§ What you need to do:
Pictures stay out of the output. Return exactly the lines below from the one with "YD/T 1119规定了无线" down to the one with "网红同款纯手工穿戴甲甲片美甲成品贴片裸色查理小姐新娘孕妇婚甲", both included, and nothing more.

Records from a data source:
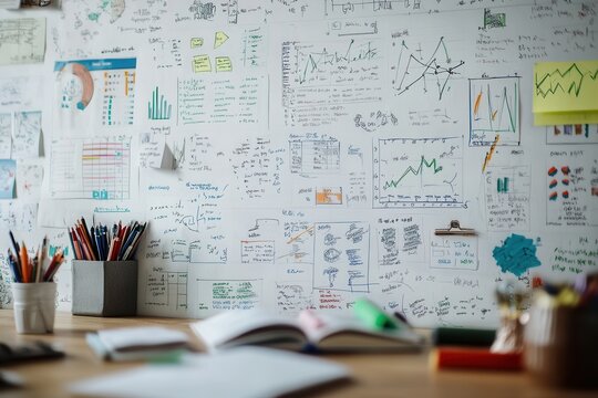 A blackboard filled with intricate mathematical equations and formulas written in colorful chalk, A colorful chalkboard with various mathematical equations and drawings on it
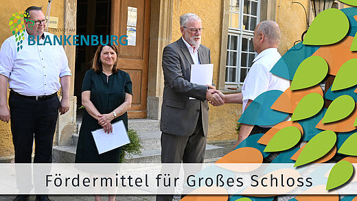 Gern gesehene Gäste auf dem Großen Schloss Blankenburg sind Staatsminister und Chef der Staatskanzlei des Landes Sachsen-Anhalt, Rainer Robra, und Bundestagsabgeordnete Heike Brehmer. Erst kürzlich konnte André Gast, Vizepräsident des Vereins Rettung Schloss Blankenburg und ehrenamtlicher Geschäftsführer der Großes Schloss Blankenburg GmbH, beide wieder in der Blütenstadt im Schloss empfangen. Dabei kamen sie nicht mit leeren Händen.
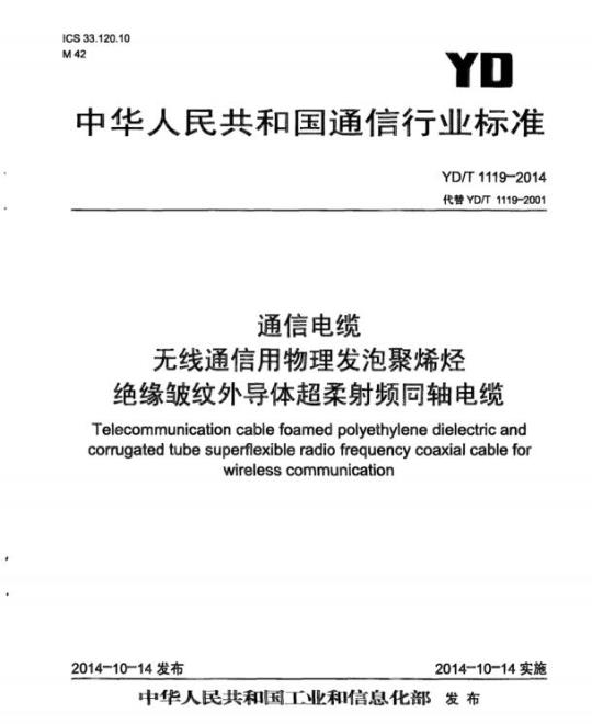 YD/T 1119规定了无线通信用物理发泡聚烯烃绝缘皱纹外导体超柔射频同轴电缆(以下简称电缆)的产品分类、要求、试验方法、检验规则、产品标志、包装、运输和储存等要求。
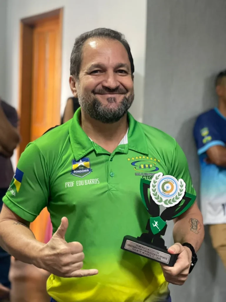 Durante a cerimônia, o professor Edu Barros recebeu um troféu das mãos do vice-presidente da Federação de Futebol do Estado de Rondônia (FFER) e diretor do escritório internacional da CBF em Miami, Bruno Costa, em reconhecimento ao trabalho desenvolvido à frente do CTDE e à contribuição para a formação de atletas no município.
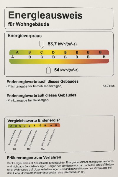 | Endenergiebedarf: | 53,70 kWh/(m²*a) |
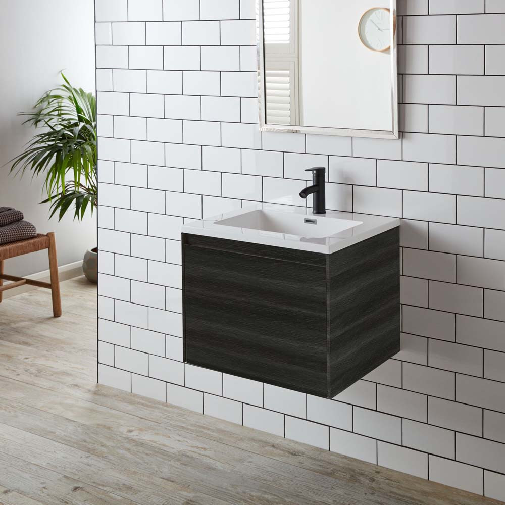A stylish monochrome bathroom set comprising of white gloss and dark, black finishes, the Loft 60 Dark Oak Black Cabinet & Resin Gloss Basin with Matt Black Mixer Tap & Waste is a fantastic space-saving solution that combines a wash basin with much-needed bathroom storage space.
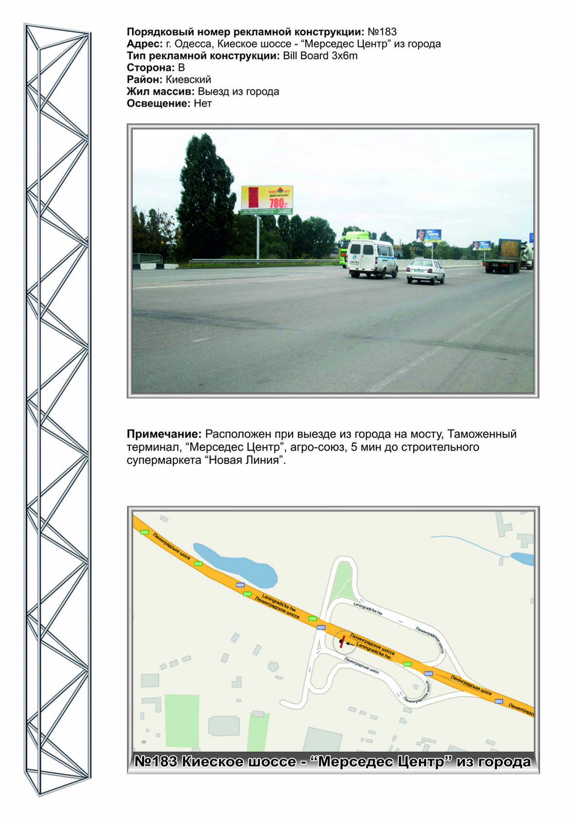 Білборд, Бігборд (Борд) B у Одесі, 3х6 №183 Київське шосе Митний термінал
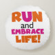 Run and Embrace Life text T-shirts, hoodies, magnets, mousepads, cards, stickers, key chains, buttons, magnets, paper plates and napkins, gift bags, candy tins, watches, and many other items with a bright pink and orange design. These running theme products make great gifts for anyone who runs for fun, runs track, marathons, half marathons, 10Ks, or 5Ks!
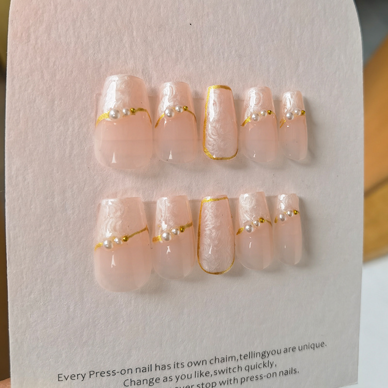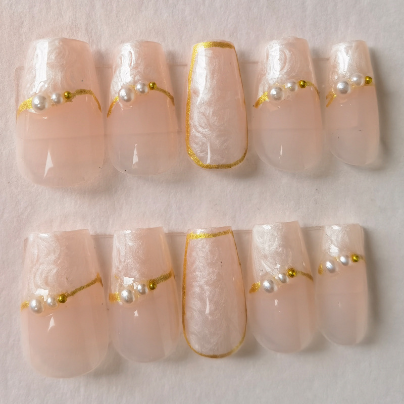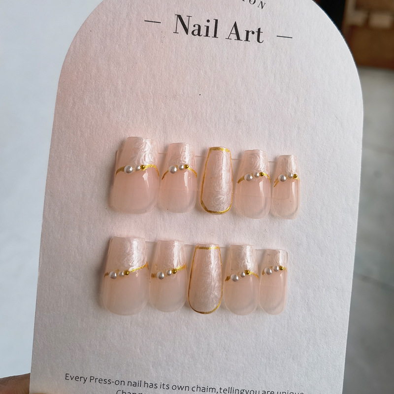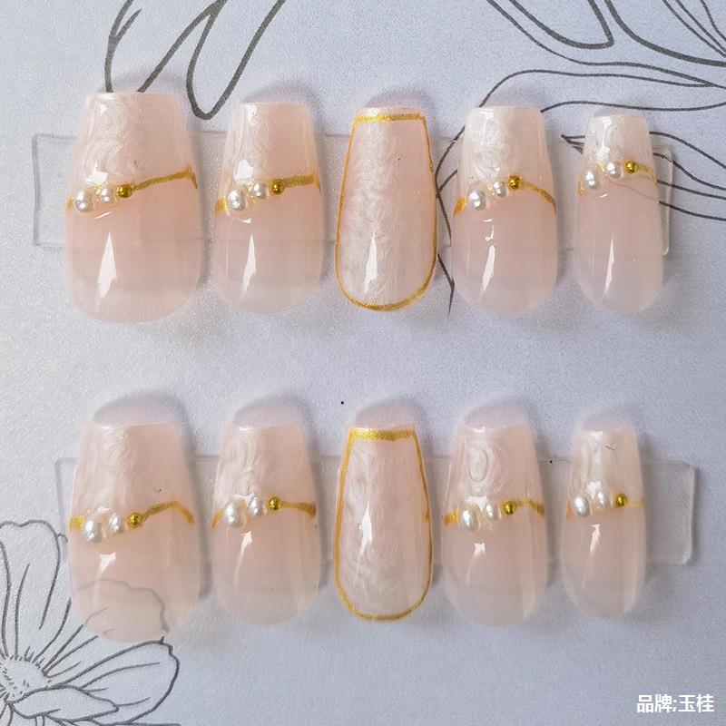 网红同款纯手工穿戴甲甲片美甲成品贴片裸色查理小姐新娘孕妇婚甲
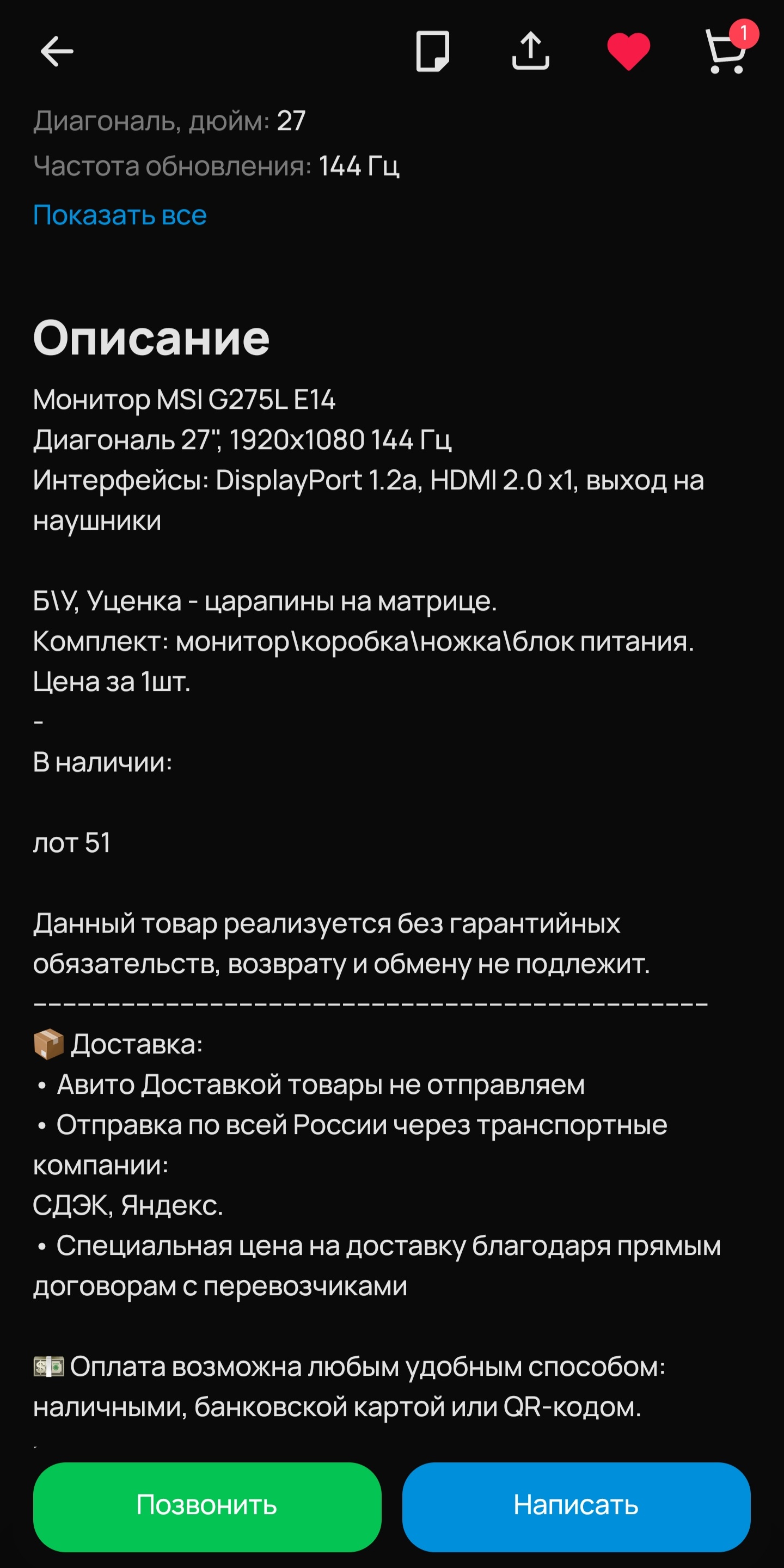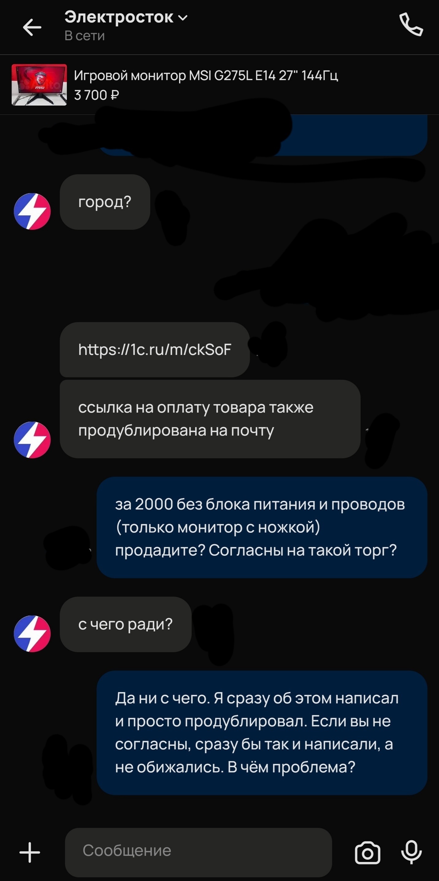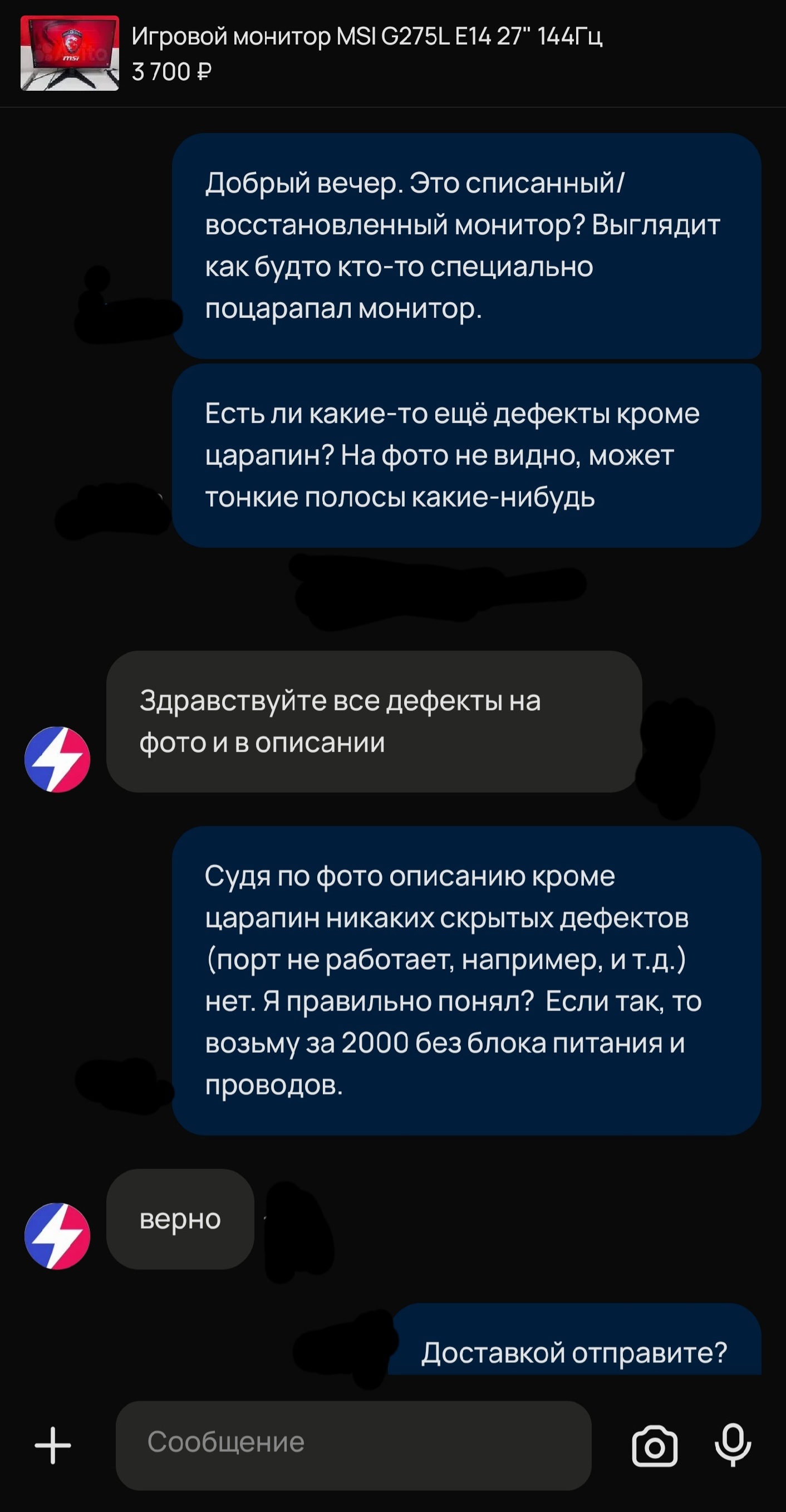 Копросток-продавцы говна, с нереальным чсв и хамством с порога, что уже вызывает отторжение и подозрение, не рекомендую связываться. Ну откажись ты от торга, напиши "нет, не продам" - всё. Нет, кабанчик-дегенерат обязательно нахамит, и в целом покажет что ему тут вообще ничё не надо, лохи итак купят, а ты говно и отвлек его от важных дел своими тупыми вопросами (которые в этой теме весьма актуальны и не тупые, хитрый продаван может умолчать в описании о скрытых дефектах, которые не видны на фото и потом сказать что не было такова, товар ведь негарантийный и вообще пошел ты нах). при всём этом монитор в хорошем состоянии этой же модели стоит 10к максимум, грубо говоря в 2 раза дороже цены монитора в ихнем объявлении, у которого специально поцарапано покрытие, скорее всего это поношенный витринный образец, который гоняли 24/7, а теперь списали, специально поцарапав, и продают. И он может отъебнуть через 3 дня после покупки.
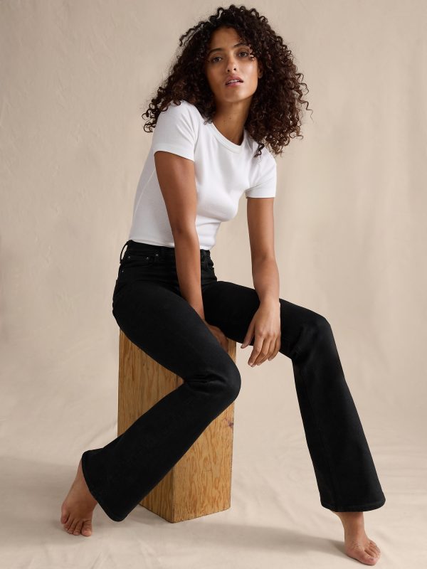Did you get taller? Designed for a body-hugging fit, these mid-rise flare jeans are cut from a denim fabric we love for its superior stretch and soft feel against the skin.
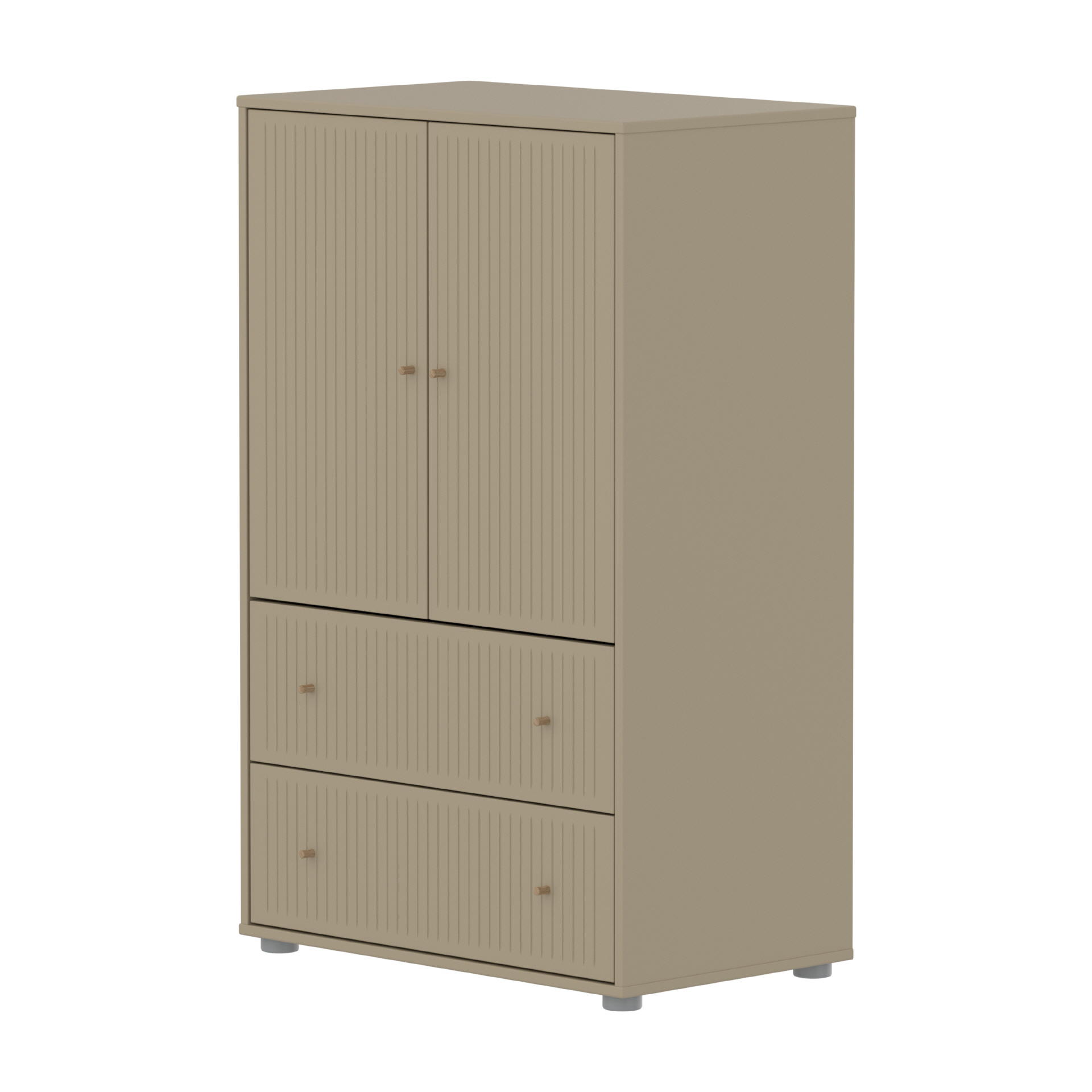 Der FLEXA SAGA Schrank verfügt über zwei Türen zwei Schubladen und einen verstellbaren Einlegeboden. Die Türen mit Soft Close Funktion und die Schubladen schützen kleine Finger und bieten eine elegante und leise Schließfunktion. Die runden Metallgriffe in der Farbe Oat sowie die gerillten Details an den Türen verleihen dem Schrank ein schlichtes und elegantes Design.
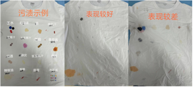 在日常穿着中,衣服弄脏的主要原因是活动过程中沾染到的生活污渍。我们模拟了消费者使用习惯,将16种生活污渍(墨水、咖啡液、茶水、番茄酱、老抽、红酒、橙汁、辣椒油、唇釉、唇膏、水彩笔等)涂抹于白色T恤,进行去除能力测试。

§ Answer to the exercise:
 YD/T 1119规定了无线通信用物理发泡聚烯烃绝缘皱纹外导体超柔射频同轴电缆(以下简称电缆)的产品分类、要求、试验方法、检验规则、产品标志、包装、运输和储存等要求。
 Durante a cerimônia, o professor Edu Barros recebeu um troféu das mãos do vice-presidente da Federação de Futebol do Estado de Rondônia (FFER) e diretor do escritório internacional da CBF em Miami, Bruno Costa, em reconhecimento ao trabalho desenvolvido à frente do CTDE e à contribuição para a formação de atletas no município.
 | Endenergiebedarf: | 53,70 kWh/(m²*a) |
A stylish monochrome bathroom set comprising of white gloss and dark, black finishes, the Loft 60 Dark Oak Black Cabinet & Resin Gloss Basin with Matt Black Mixer Tap & Waste is a fantastic space-saving solution that combines a wash basin with much-needed bathroom storage space.
 Білборд, Бігборд (Борд) B у Одесі, 3х6 №183 Київське шосе Митний термінал
 Run and Embrace Life text T-shirts, hoodies, magnets, mousepads, cards, stickers, key chains, buttons, magnets, paper plates and napkins, gift bags, candy tins, watches, and many other items with a bright pink and orange design. These running theme products make great gifts for anyone who runs for fun, runs track, marathons, half marathons, 10Ks, or 5Ks!
 网红同款纯手工穿戴甲甲片美甲成品贴片裸色查理小姐新娘孕妇婚甲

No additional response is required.